Motivation

Homebrewing in the 21st century is going to involve a lot of software. Most free software SDR programs out there today rely on the wdsp library written by Dr. Warren Pratt, NR0V. Dr. Warren has also written a fine manual for WDSP targeted at programmers who like to use wdsp in their SDR programs. This is mostly API documentation along with some details of the algorithms. However much of the math is missing in the docs and buried in the code.

My motivation is to understand how the "NR2" noise reduction algorithm works. I have mostly achieved it. Rather than describe it, I wanted to give references to the papers here so that curious minds can find them.

The big idea

WDSP has an "NR" algorithm. I haven't explored this yet, but this is the popular Weiner filtering algorithm that can be implemented using gradient descend (Least Mean Square algorithm is how it is implemented in practice).

The main idea in all noise reduction algorithm is this:

The "observable" is y(n) which has the speech signal with noise. Our motivation is to extract an approximation of the signal buried in noise. i.e. we need to estimate noise and subtract it. This is done either in time domain or frequency domain.

y(n) = s(n) + w(n)

I believe NR using LMS is a time domain algorithm.

The other property is that noise is uncorrelated with speech signal, so the power spectrum of these two uncorrelated systems are additive as well. i.e.

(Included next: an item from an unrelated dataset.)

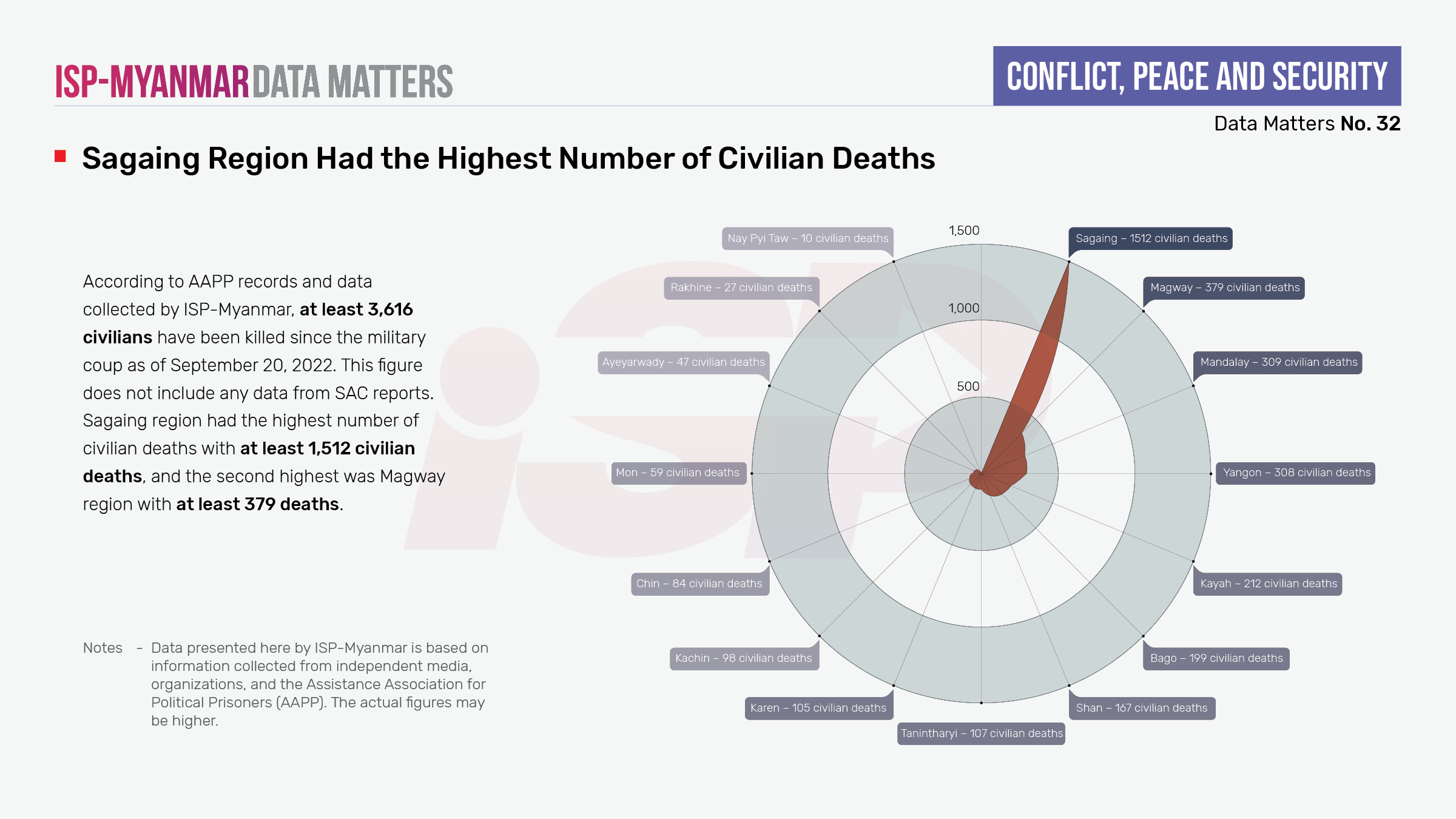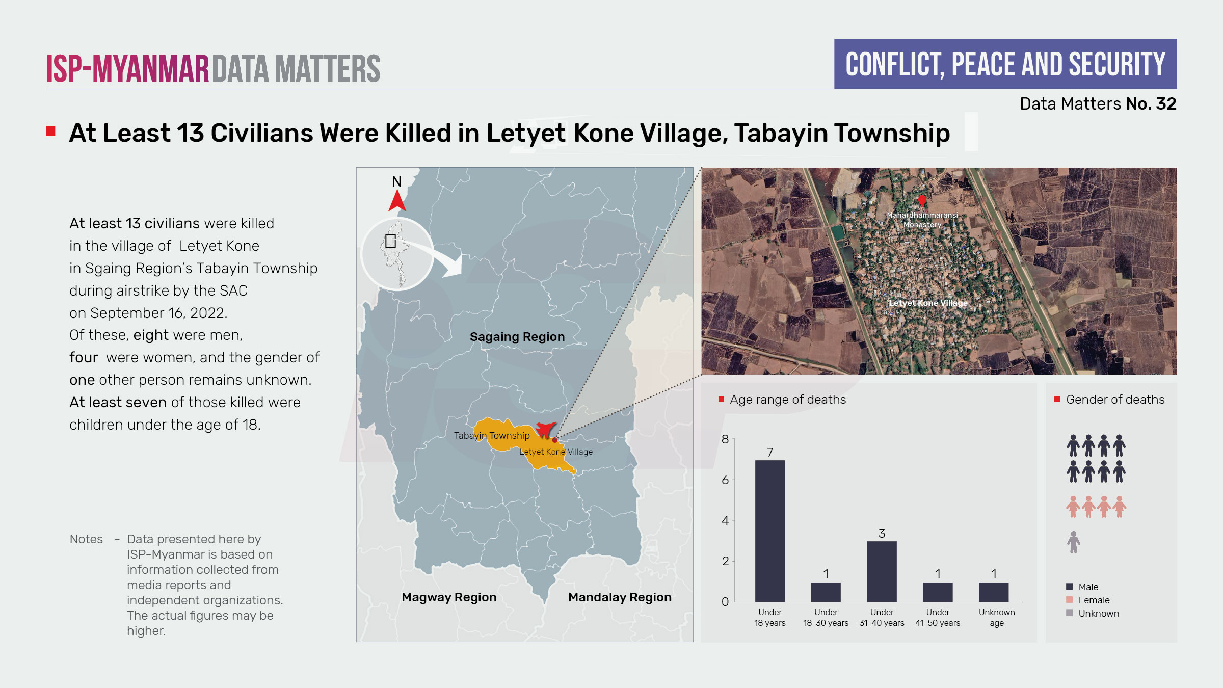 Civilian deaths have continued to rise. At least 13 people were killed in the village of Letyet Kone in Sagaing Division’s Tabayin Township during airstrikes by the SAC on September 16, 2022. Of these, eight were men, four were women, and the gender of one other remains unknown. At least seven of those killed were children under the age of 18.

|Y(f)² = |S(f)|² + |W(f)|²

If we can "estimate" the noise spectral density, then we can get an estimate of signal power spectral density as follows:

|Ŝ(f)|² = |Y(f)|² - |Ŵ(f)|²

Now, if we find the time domain values corresponding to Ŝ(f), i.e. ŝ(n), then we get back the speech signal with the noise removed. Well, I am grossly simplifying what "noise" is here. The estimate of speech that is reconstructed thus, is not without problems. There are things like musical noise artifacts that one can hear in such reconstructed speech. The quality also very much depends on the signal to noise ratio.

NR2 algorithm

NR2 uses a frequency domain method which has its origins in this famous paper by Ephraim and Malah called "Speech Enhancement using a minimum mean-square error short-time spectral amplitude estimator". Here we statistically model the speech signals and noise signals (or rather the probabilities of apriori SNR (clean signal to noise ratio) and aposteriori SNR ("observable signal" to noise ratio). A crucial step is to find an estimate of noise. This step is rather left out in the paper.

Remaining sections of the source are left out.